“Going to take us out by a back gate and save trouble,” John said. “We tried saving trouble, but we learned better, didn’t we?”
We did not go up the great state stairs that led to the huge arched doorway, but to a small door under the staircase, along an almost dark corridor with a cold stone floor. We were inside the Palace at last, but not in the way we had expected to get there. I was too discouraged to care much what they did to us. John might be cheerful. Being wounded, the soldiers had protected him better than they had me, and he had both his shoes. My only immediate interest was in stepping as lightly as possible on my unshod foot, but I retained a faith that the future would sometime permit me to leave Alaria. Nobody ever loved any country less than I did that fantastic, mediæval kingdom at that moment. I did not even care that we had failed in our errand.
We reached a room with a soft carpet, for which my foot was grateful. It was a blue carpet, without figures, and never made in Alaria. Indeed, the color was so unexpected, underfoot in a country of bare stone floors or bright Oriental rugs that I summoned interest enough to look around me. White enamelled French furniture, upholstered in pink and blue striped silk, and on a mantel bright French porcelain vases with a clock to match.

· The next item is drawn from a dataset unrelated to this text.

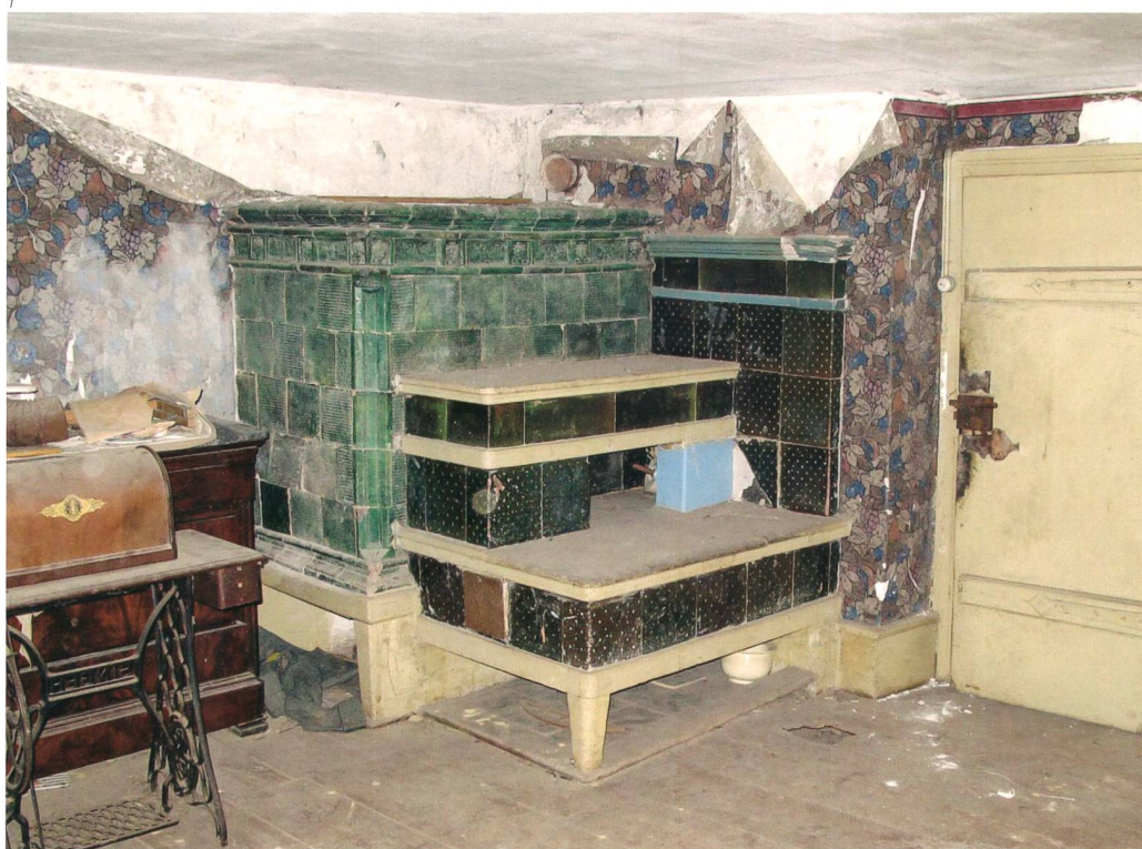
Abb. 1 Metzerlen, Burgstrasse 2. Der Kachelofen mit der Kunst steht im hinteren Anbau des Hauses. Der Kunstofen mit den schablonierten Kacheln stammt aus der ersten Hälfte des 19. Jahrhunderts.

In der Stube an der nördlichen Aussenmauer und neben der Küche steht ein rechteckiger Kastenofen mit grün glasiertem Reliefdekor; davor und daran angebaut ist ein zweistufiger Kunstofen aus dem 19. Jahrhundert. Aufmerksamkeit zieht vor allem der Kastenofen auf sich, doch weiss man nicht, woher seine Kacheln stammen und wann er hier aufgesetzt wurde. Der Fries des Ofens besteht aus zwei sich abwechselnden Kacheltypen, beide ausgestattet mit einem Groteskendekor mit Masken oder Maskaronen. Groteske Ornamente gehören zum Fundus

I reflected that Palace dungeons were more daintily furnished than any we had hitherto been lodged in.
A door was opened, and we were ushered through it, into a less formal room, where, at last, and when we least expected to see her, sat Queen Yolanda.
She was draped, like a Ziegfeld Niobe, in heavy black, and sat before a large and elaborately carved desk. Beside her, flushed with excitement, her eyes bright, but frightened, stood Maria Lalena. She nodded when she saw us, and said something I did not hear to Queen Yolanda. The soldiers stood very close to us so that we should not be able to make any attack upon their royal persons.
I was beyond being surprised, but it was somewhat unexpected. It was also the first time I had ever been ushered into the presence of two Queens, and I was not sure just what might be the proper ritual. John smiled ecstatically, bowed deeply, and said, “your Majesties.”
Both ladies returned the bow, formally. Yolanda spoke then. It was the first time I had heard her. Her voice was throatily vibrant. “Why do you bring these gentlemen here like criminals?” she demanded. “Have you so little regard for your Queen’s life that you arrest her saviors?”
The officer with us protested. “Your Majesty, this is the man who threw the bomb.”
Maria Lalena said, excitedly, “No, no, it isn’t. He threw something that made the bomb go wild. I saw it. I was looking straight at him.”
Queen Yolanda spoke again resonantly. “You should know your business better than that. Untie those ropes.” She turned to us. “We are very grateful, and we apologise for our soldiers’ mistake. They have been stupidly rough with you. Forgive them, they thought you assassins. We sent for you to thank you, and also because her Majesty tells me that you were in a dangerous situation at the gate. We acted as quickly as we could.”